Another of Haarlem's gems is the Frans Hals Museum, a tribute to the hometown artist who became the foremost Dutch portrait painter of the 17th-century Golden Age. This bold humanist painted everyday people in their warts-and-all glory. He was a forerunner of Impressionist brushwork, a master of composition, and an articulate visual spokesman for his generation. And this refreshing museum — located in a 17th-century almshouse — displays many of the masterful portrait painter's greatest works.

Across the street, the small Haarlem Museum offers a glimpse of old Haarlem. During the city's Golden Age four centuries ago, Haarlem was a thriving commercial center rivaling Amsterdam. Back then, the town was a port on the large Haarlemmer Lake, with the North Sea only about five miles away (threatened by floods, residents eventually diverted the lake into canals to preserve shipping business, and then pumped the remaining land dry). As well as being Holland's tulip capital, Haarlem was a manufacturing center producing wool, silk, lace, damask cloth, furniture, smoking pipes (along with cheap, locally grown tobacco), and mass quantities of beer. Haarlemmers were notorious consumers of beer. It was a popular breakfast drink, and the average person drank six pints a day.

For a somber look at Haarlem history, visit the Corrie ten Boom House, where the Ten Boom family created a safe haven for Jews during World War II. This museum gives the other half of the Anne Frank story: the point of view of those who risked their lives to hide Dutch Jews during the Nazi occupation. Living above the family clock shop, Corrie and her sister Betsy, both in their 50s, and their elderly father built a secret room in the very back of their home off Corrie's tiny bedroom. They used the small hideaway to house six to seven Jews at a time.

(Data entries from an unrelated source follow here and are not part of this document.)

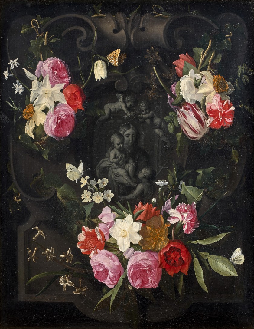 La Vierge à l'Enfant dans un encadrement de fleurs
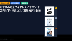 ノイズキャンセリングの効き目は搭載マイクの数と処理アルゴリズムに依存します。Sony WH-1000XM5やBose QuietComfort Ultraは業界最高峰。1万円台のANCも進化していますが、飛行機や電車のノイズを消す力には明確な差があります。
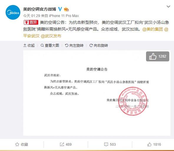 IT之家1月24日消息 今天凌晨,美的官方宣布,為抗擊新型肺炎,美的空調(diào)武漢工廠擬向“武漢小湯山急救醫(yī)院”捐贈所需換新風+無風感空調(diào)產(chǎn)品。眾志成城,武漢加油。
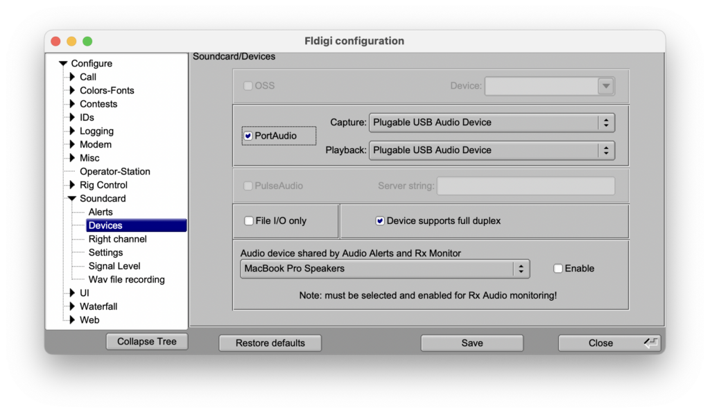 I am using an Apple M1 Pro. On the Fldigi configuration window, expand Soundcard, select Devices, select PortAudio, and select the appropriate Capture (input) and Playback (output) devices.
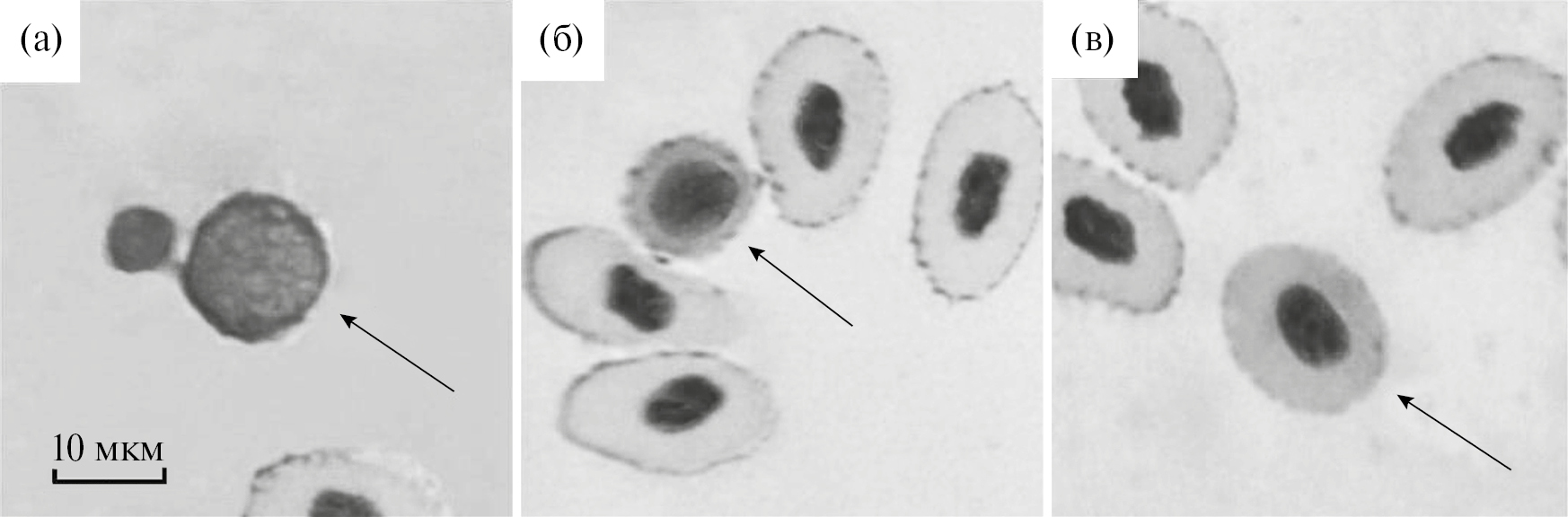 Рис. 1. Эритроидные элементы крови и головной почки камбалы-глоссы: a – ЭБ; б – БН; в – ПН (показаны стрелкой).
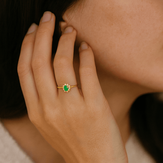 Anel Chuveiro em Ouro 19kl com Pedra Verde e Zirconias (T17)
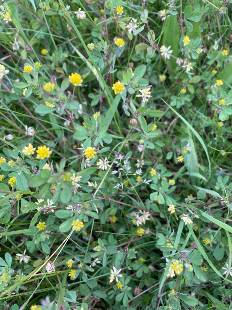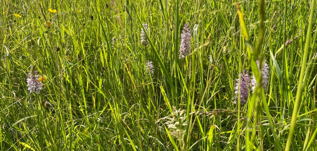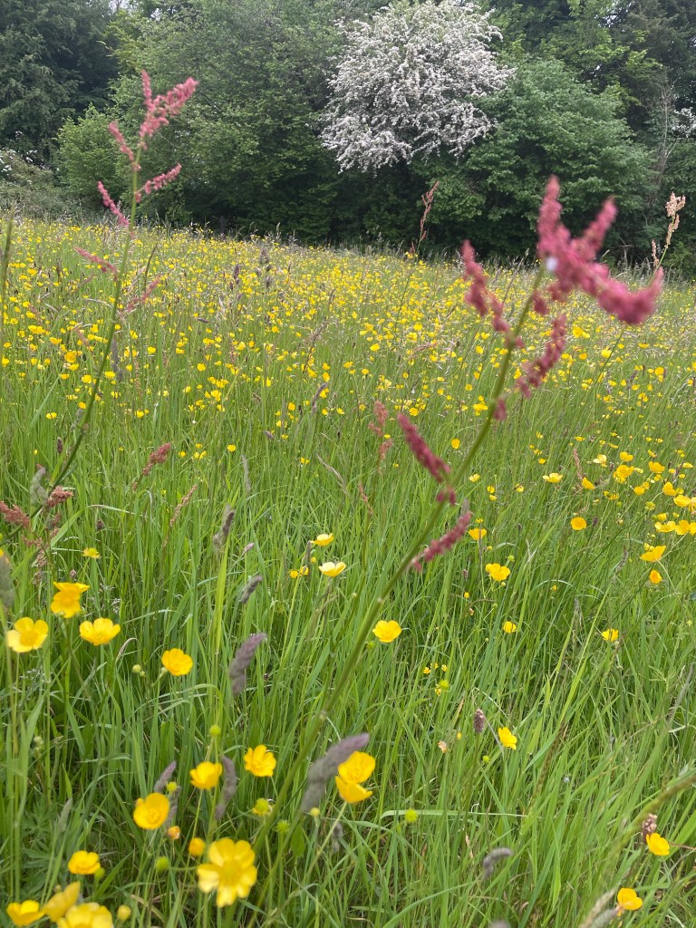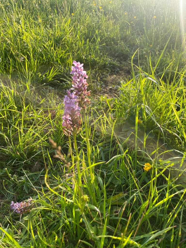 In June 2023 these plants were identified: cowslip, common bromerape, yorkshire fog, sheep’s sorrel, yellow rattle, lady bedstraw, yellow trefoil, black medic, bent grass, false oat grass, speedwell, hogweed (small), common spotted orchid, pyramidal orchid, false goatsbeard, hypericum, birds nest orchid, white campion, heal all, bee orchid.
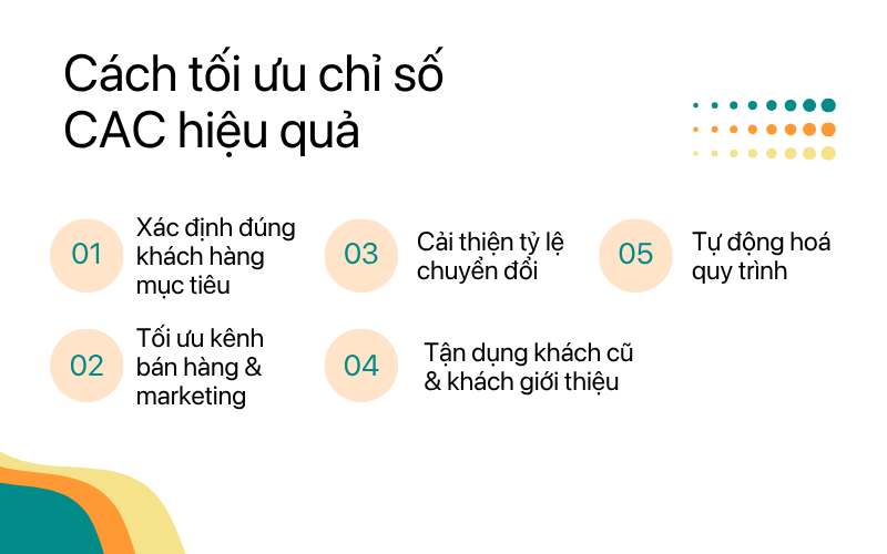 Giảm CAC không chỉ là cắt giảm chi phí, mà là tối ưu toàn bộ hành trình thu hút khách hàng. Doanh nghiệp cần kết hợp nhiều giải pháp đồng thời để vừa giảm chi phí, vừa tăng hiệu quả. Dưới đây là một số cách tối ưu CAC phổ biến:
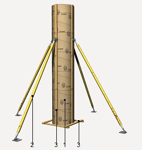 Escora aprumadora metálica, telescópica, com extremidades articuladas, de até 3 m de comprimento.
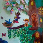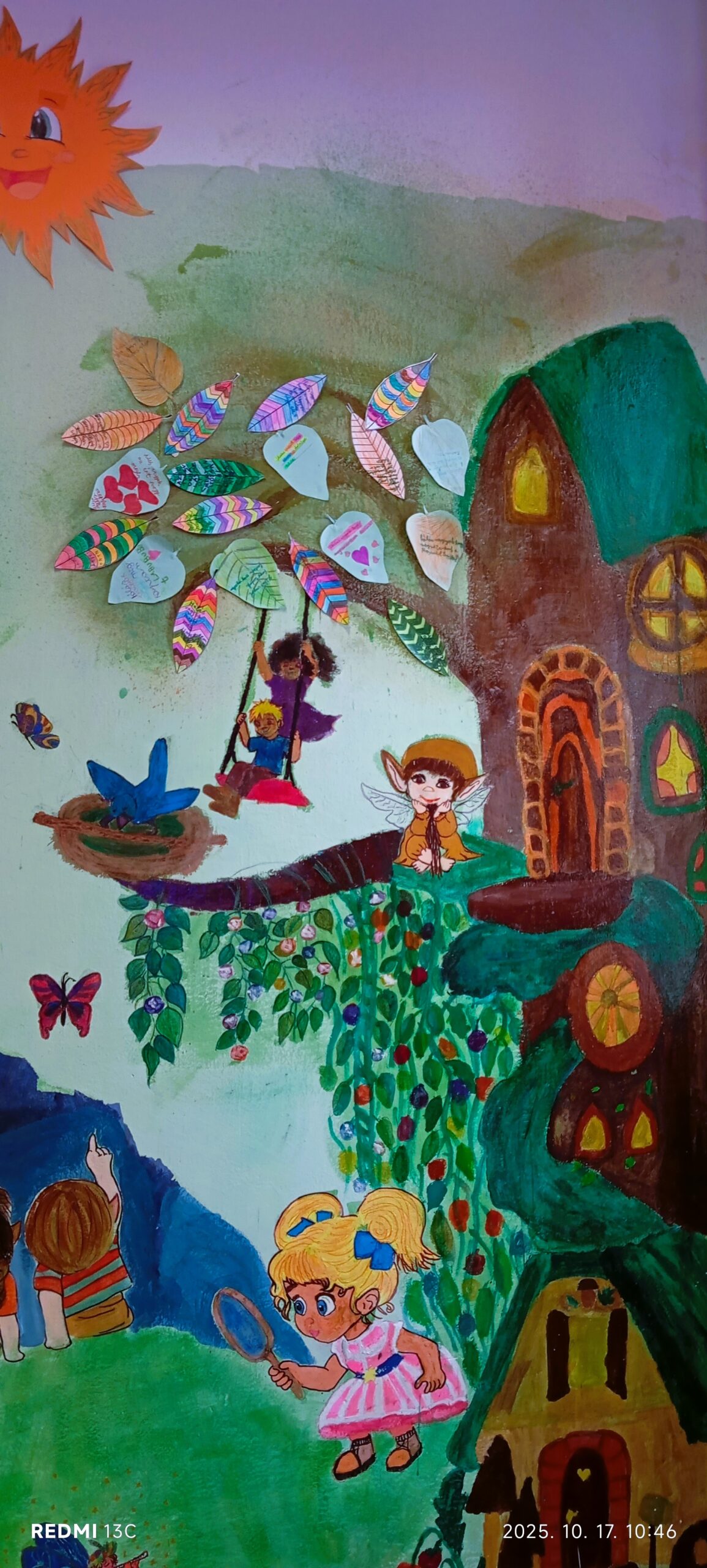 A foglalkozás középpontjában az a falra festett fa állt, amelyet tavaly az alsós csoporttal közösen készítettünk. Tudatosan őriztük meg ezt a közös alapot, mert szerettünk volna egy olyan felületet, amelyhez vissza lehet térni, illetve a gyerekek fejlődését is kíséri.
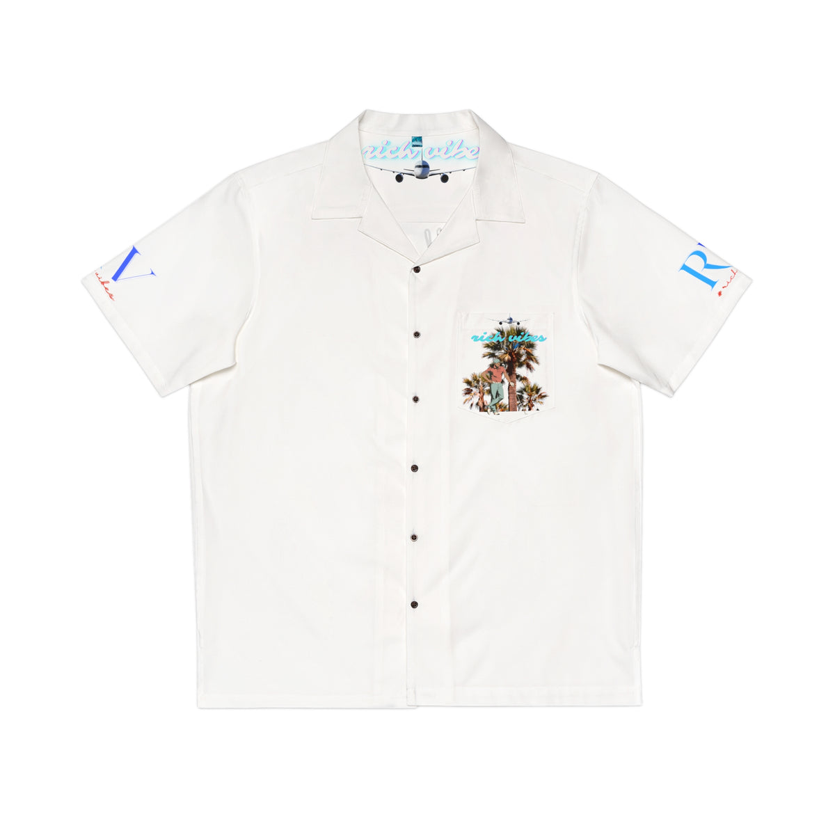 Rich Vibes RV Golfer's Colorful Palm Tree Chill Vibes - Men's Hawaiian Shirt (AOP)White

In 1944, the Gestapo — tipped off that the family was harboring Jews — burst into the Ten Boom house. Finding a suspiciously high number of ration coupons, the Nazis arrested the family (but failed to find the six Jews in the hiding place, who later escaped). Corrie's father and sister died while in prison, but Corrie survived the Ravensbrück concentration camp to tell her story in inspirational 1971 book (and 1975 movie), The Hiding Place.

To sample more of Haarlem, take a scenic cruise through the canals, or wander through the city's little red light district two blocks off Grote Markt. Legal since the 1980s, it's a warm-up for the more brazen and boisterous experience that awaits in Amsterdam, just a short ride away by train.